DATA IN THIS EXERCISE

□ □ □ □ □

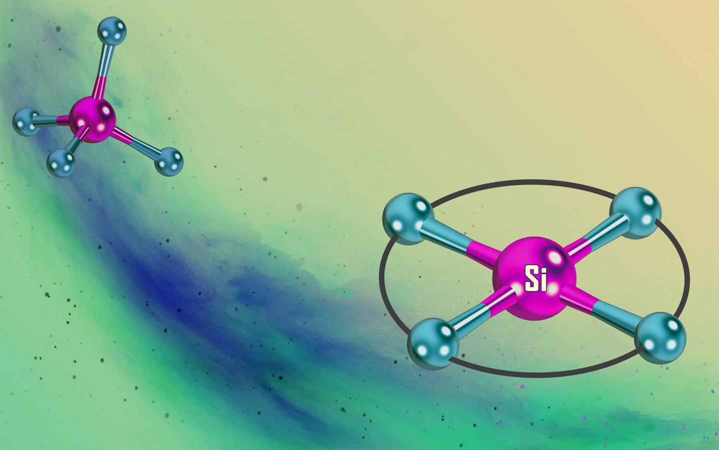 image: Changes to the natural tetrahedral structure of silicon (top left) in an unusual square planar geometry (bottom right).
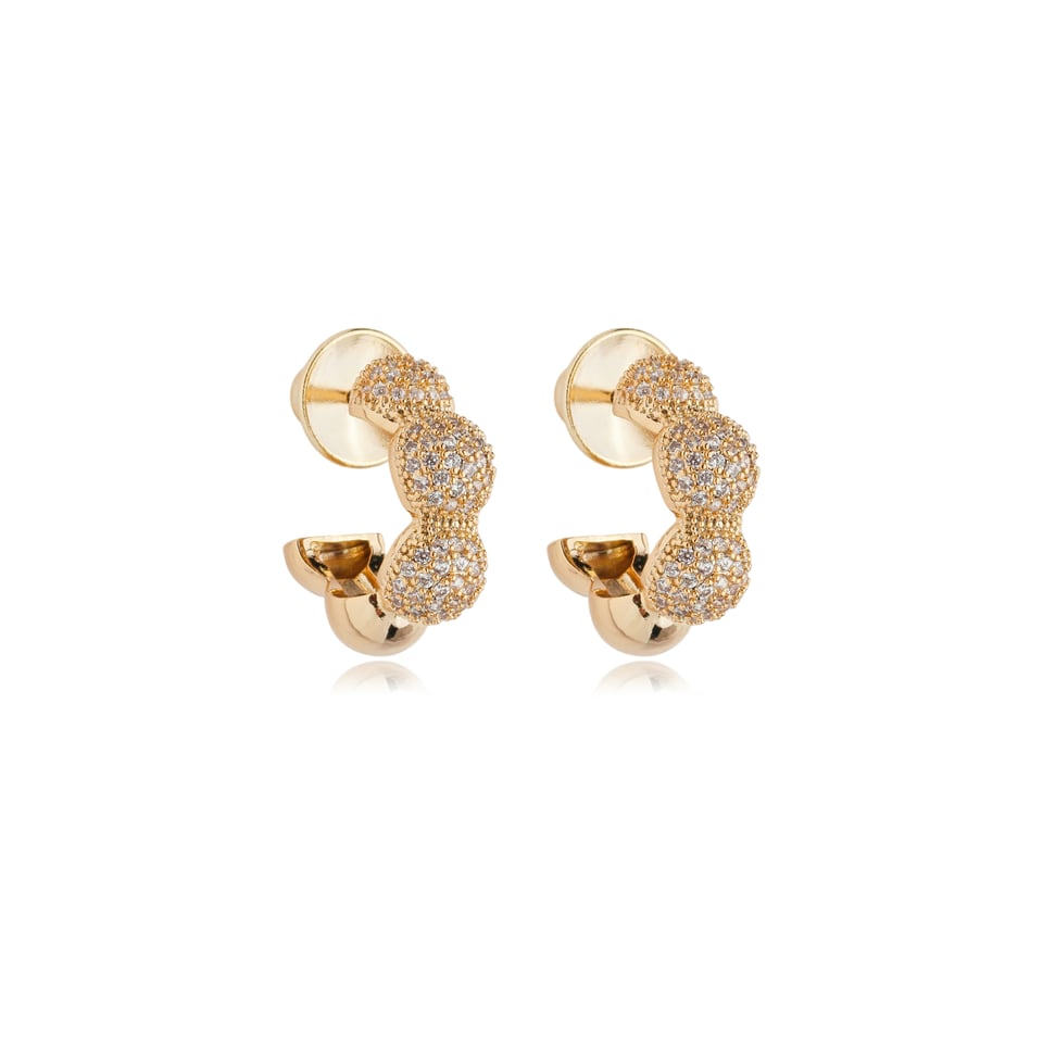 Brinco meia argolinha banho de ouro com cravação de micro zircônias na cor branco (cristal).
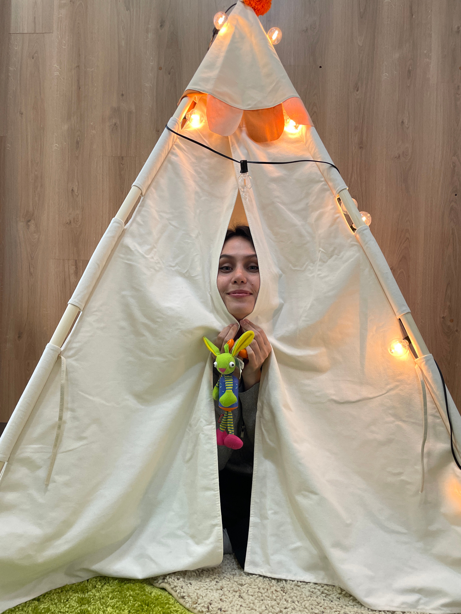 A woman lies inside a teepee tent, holding a toy. The teepee is lit with string lights. The flooring on the left is wood-patterned. On the right, there is a textured rug. The location is not specified…read more
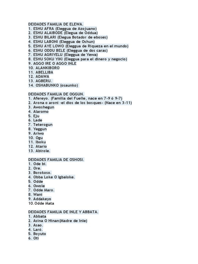 Deidades De Todos Los Orishas Pdf Santeria Deidades
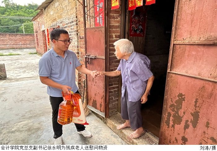 本网讯(会计学院新闻中心)为进一步弘扬中华民族扶弱助残的传统美德,积极响应国家政策的号召,倡导扶残助残的良好社会风尚,9月27日下午,会计学院党总支赴夏岗村开展了“扶残助困”慰问活动。参与此次活动的人员有会计学院党总支书记黎伯毅、党总支副书记徐永明、教工党支部书记郑春晓,教工党支部委员刘涛以及两位党员学生代表。
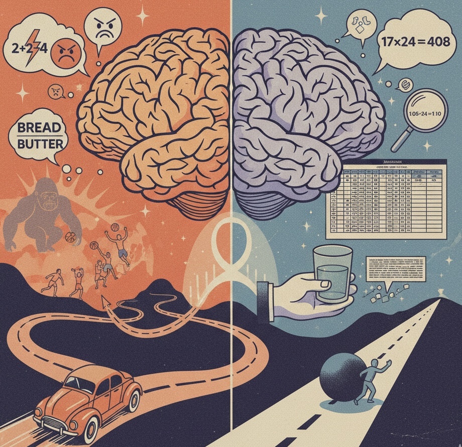 Канеман предлагает представить наше мышление как драму с двумя действующими лицами: Системой 1 и Системой 2. Конечно, это полезная метафора, а не два реальных агента в нашей голове. Но она невероятно точно описывает внутренний конфликт между автоматической интуицией и осознанным размышлением.
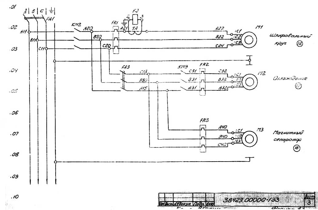 При нажатии кнопки SB3 включаются електродвигатели М1 і М3 приводов шлифовального круга і магнитного сепаратора.
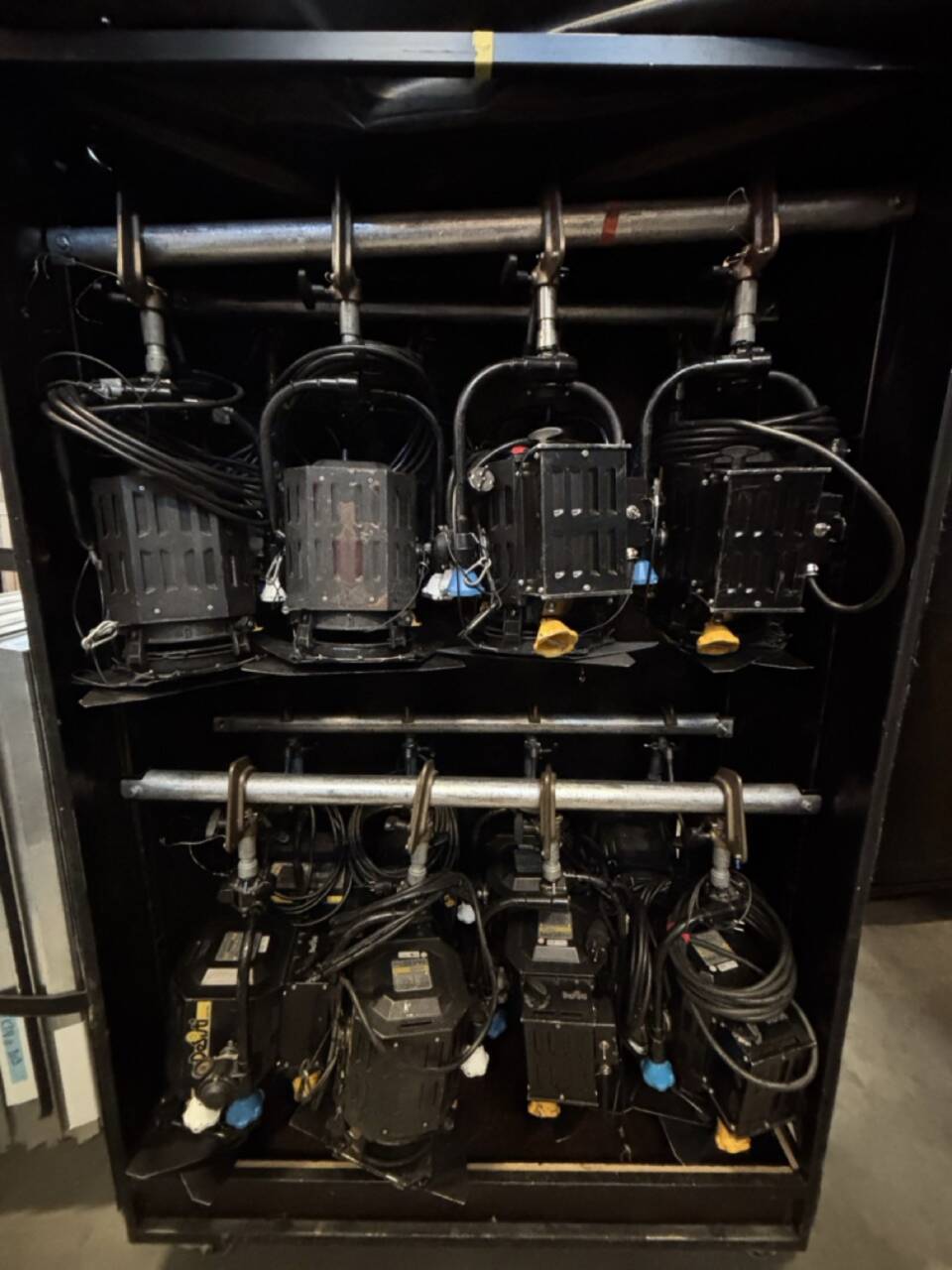 1000W conventional pole-operated lighting unit with barndoor included. Offer available: purchase of 16 units comes with a covered dolly (120x62x189cm).

□ □ □ □ □

ABOUT THIS TASK
Take the line that contains "При нажатии кнопки" as the first and the last line of the records as the end, and please quote those lines exactly, pictures omitted.

EXERCISE SOLUTION
 При нажатии кнопки SB3 включаются електродвигатели М1 і М3 приводов шлифовального круга і магнитного сепаратора.
 1000W conventional pole-operated lighting unit with barndoor included. Offer available: purchase of 16 units comes with a covered dolly (120x62x189cm).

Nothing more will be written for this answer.